I have previously installed VALL-E X for voice cloning on my own PC in a python virtual environment.
Today we will do this using Docker; we will install Docker on WSL.
WSL (Windows Subsystem for Linux) is a feature that allows you to run a Linux operating system directly on Windows 10 or Windows 11. This allows Windows users to use Linux command line tools, utilities, and applications within the Windows environment. The following points should be kept in mind
- No dual-booting required: With WSL, there is no need to reboot the PC to install Linux as a separate operating system; Linux runs directly within Windows.
- Access to developer tools: The WSL is especially useful for developers, allowing them to use programming languages, tools, and applications that run in a Linux environment on Windows.
- Easy setup: Since WSL is built into Windows, it is relatively easy to set up: download a Linux distribution (e.g., Ubuntu, Debian, etc.) from the Microsoft Store and in a few steps you are up and running. The setup is completed in a few steps.
- File system sharing: The file system can be shared between Windows and Linux, so you can access and work with the same files in both environments.

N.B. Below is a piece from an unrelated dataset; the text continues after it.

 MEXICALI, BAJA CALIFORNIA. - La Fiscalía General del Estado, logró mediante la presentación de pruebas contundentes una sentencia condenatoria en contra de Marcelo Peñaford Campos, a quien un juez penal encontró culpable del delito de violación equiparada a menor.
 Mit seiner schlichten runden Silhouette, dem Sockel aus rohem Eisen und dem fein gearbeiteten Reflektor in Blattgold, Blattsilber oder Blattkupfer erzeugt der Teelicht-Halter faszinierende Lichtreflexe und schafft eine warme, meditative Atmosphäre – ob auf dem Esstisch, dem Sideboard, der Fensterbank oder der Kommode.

- Performance: WSL provides high performance on Windows. In particular, WSL 2 offers significantly improved performance because the Linux kernel runs directly on Windows.
Simply put, WSL is a powerful tool that enables Windows users to take advantage of Linux functionality. This makes it easy to work in both Windows and Linux environments, a feature especially useful for developers.
Docker can be used to solve project dependency issues and provide a more consistent development and deployment environment. The main benefits are described below.
- Environment consistency and predictability: Docker provides an isolated environment called a “container. This allows the environment I develop to run as-is on someone else’s machine. This reduces problems caused by dependencies or specific library versions.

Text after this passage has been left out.